- Opening Delimiter -
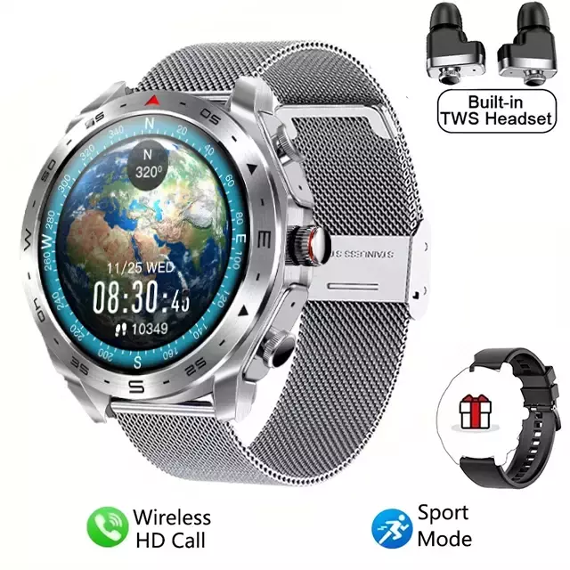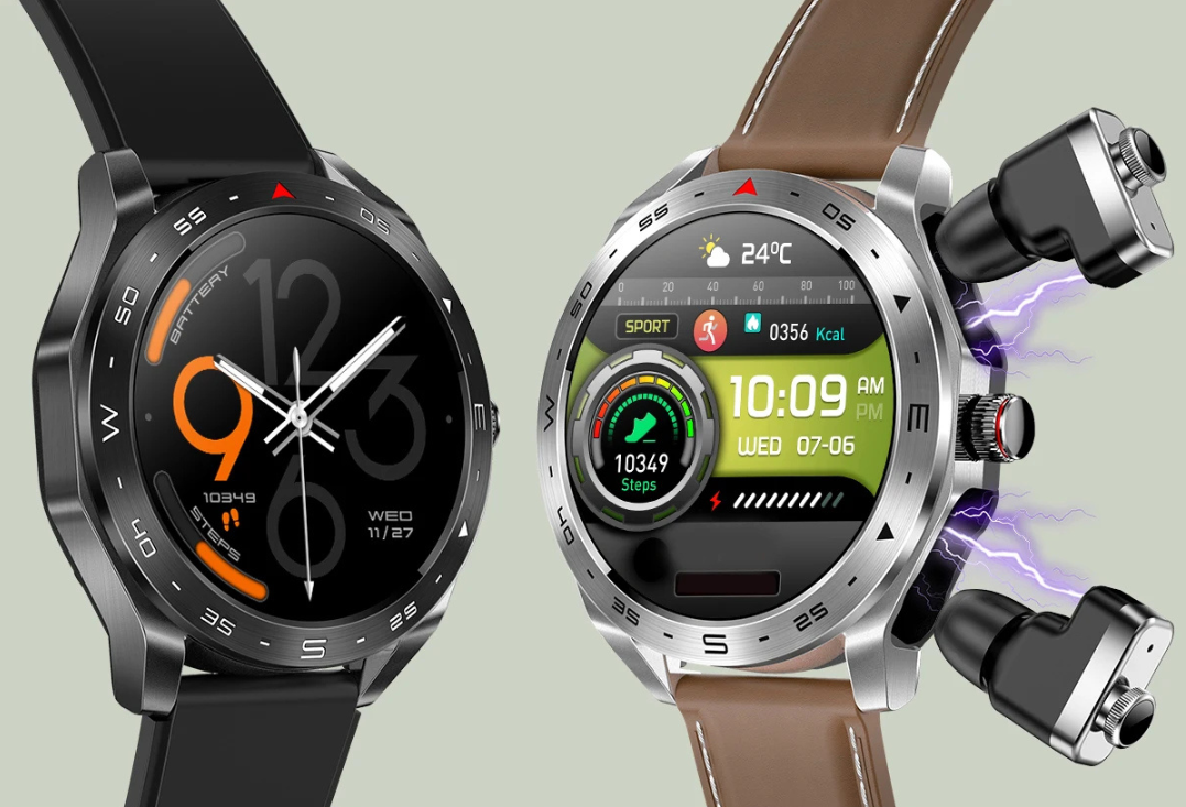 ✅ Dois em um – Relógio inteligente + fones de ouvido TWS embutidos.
- Closing Delimiter -
- Opening Delimiter -
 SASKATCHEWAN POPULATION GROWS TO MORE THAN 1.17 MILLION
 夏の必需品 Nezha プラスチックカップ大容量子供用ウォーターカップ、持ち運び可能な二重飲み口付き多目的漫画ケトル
- Closing Delimiter -
From the entries above, extract only the lines running from the one containing "SASKATCHEWAN POPULATION GROWS" through the one containing "夏の必需品 Nezha プラスチックカップ大容量子供用ウォーターカップ、持ち運び可能な二重飲み口付き多目的漫画ケトル", inclusive.

 SASKATCHEWAN POPULATION GROWS TO MORE THAN 1.17 MILLION
 夏の必需品 Nezha プラスチックカップ大容量子供用ウォーターカップ、持ち運び可能な二重飲み口付き多目的漫画ケトル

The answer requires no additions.